Video Conferencing Etiquette
Talking to someone over video seems natural and simple. After all, we talk to people in real life all the time. Videoconferencing aims to make these everyday conversations possible over distance. While it’s true that you don’t have to take stage or acting classes to do a video call, it’s worth reflecting a bit on how video conferencing is actually different and what this means for how we can come across.
Much stagecraft and acting is about how to adjust for the highly artificial situation of the stage or studio, so that everything comes seems natural and effortless to the audience. The same logic applies to video conferencing. So, how is video conferencing different, and what can you do?
Pace Your Speech
First, there are the obvious technical constraints: audio might be delayed or distorted, video might be pixelated or freeze. All of this makes it more important to continually check that we truly understand each other. We don’t have to turn into news anchors, but it can pay off to speak a bit more slowly and clearly and to maintain focus on the camera.
Stay in Sync with Others
Next, there are more subtle effects of video conferencing. We can’t really look each other in the eyes as cameras and screens are slightly offset, there’s a slight delay and typically low video resolution. All this makes it harder to read and interpret facial expressions.

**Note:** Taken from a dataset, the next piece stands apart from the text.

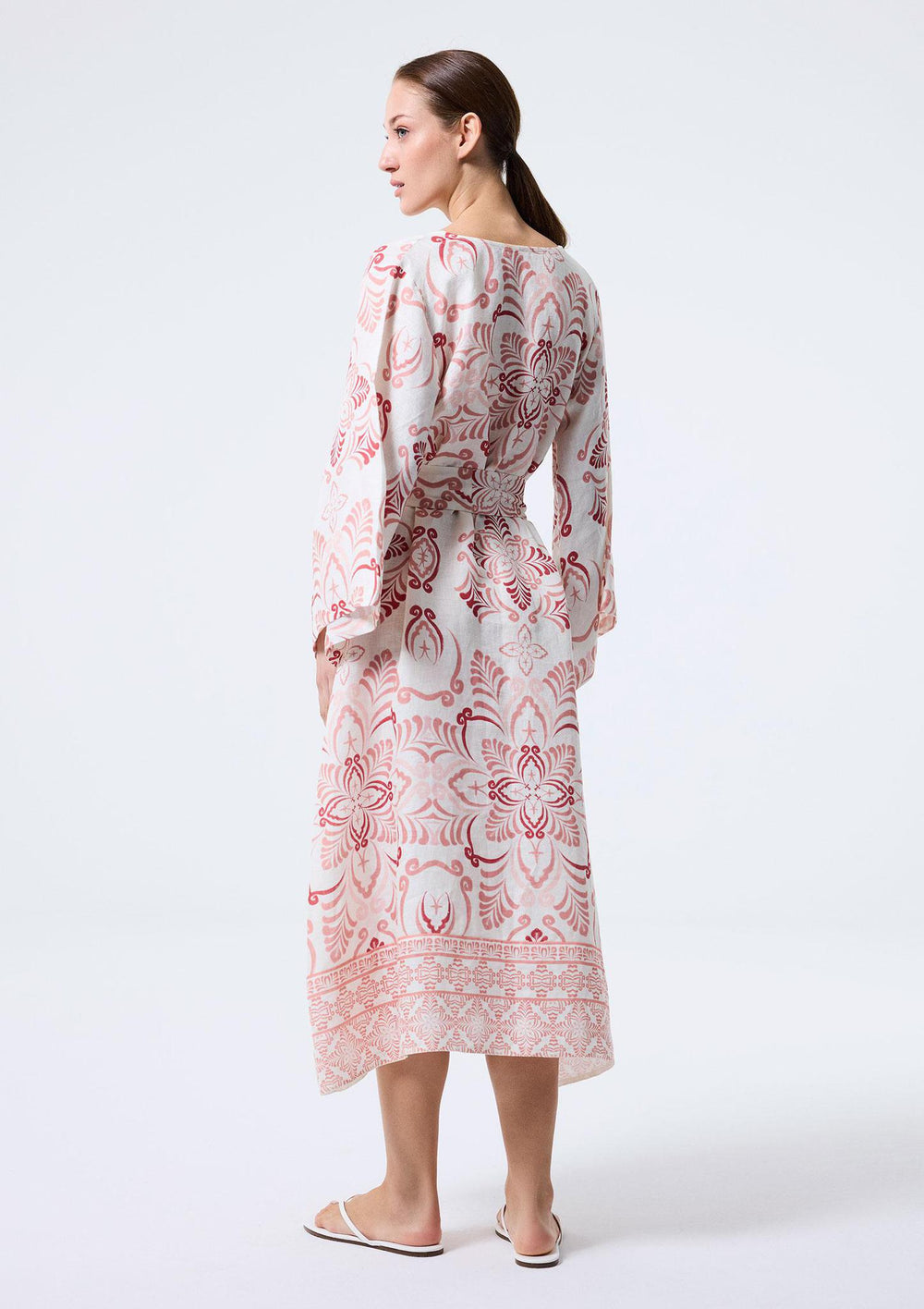 This dress combines artistic flair with relaxed elegance, featuring a vibrant, intricate motif inspired by traditional patterns. The lightweight fabric drapes naturally, offering a comfortable fit with a flowing silhouette. A self-tie belt, detailed with delicate beads at the ends, provides the option to cinch the waist, adding definition to the look. Wide sleeves and a soft V-neckline, adorned with a button closure, enhance the effortless appeal.100% linen. Made in Turkey.

This in turn makes it harder to stay in tune emotionally with our conversation partners. In normal conversation we constantly give off and perceive social and emotional cues. Over video conferences, some of these get filtered out or distorted. Just being aware of this subtle effect is helpful. For instance, it allows you to chalk up blank expressions to a delay or to poor lighting (see above) rather than say, boredom.
Equally, someone interrupting you may not just be rude, but simply have a high latency connection, or you might be the one unintentionally and unknowingly interrupting others. With all of these factors present, it’s worth explicitly checking with others whether everyone’s still fine. It also helps to be relatively close to the camera, so that more of your facial expressions actually do make it across.
Design Your Stage
Finally, it’s worth also thinking about your stage – i.e. your kitchen counter or wherever you are taking your video calls from. There’s one basic rule to keep in mind here. Everything that’s on camera will be seen and interpreted by your audience (aka your colleagues, boss, client, etc.).
You may have become somewhat blind to your everyday surroundings but for folks on the other end of the line every object will be met with forensic interest. With that in mind it’s worth removing clutter, because you want their attention focused on you and not committed to an anthropological study of your surroundings.
Of course, if there’s a certain image you’d like to project over video calls, then you might want to consciously utilise the stage you are now afforded. No longer are you limited to let your clothes do the talking, you now have a hugely extended vocabulary and can also project via the titles on your bookshelf or the designers of your furniture.
Or you could do what Bill Gates does when he video conferences ‘from home’, use a lens with an extremely wide aperture, so that all background blurs into a haze and nothing is conveyed at all.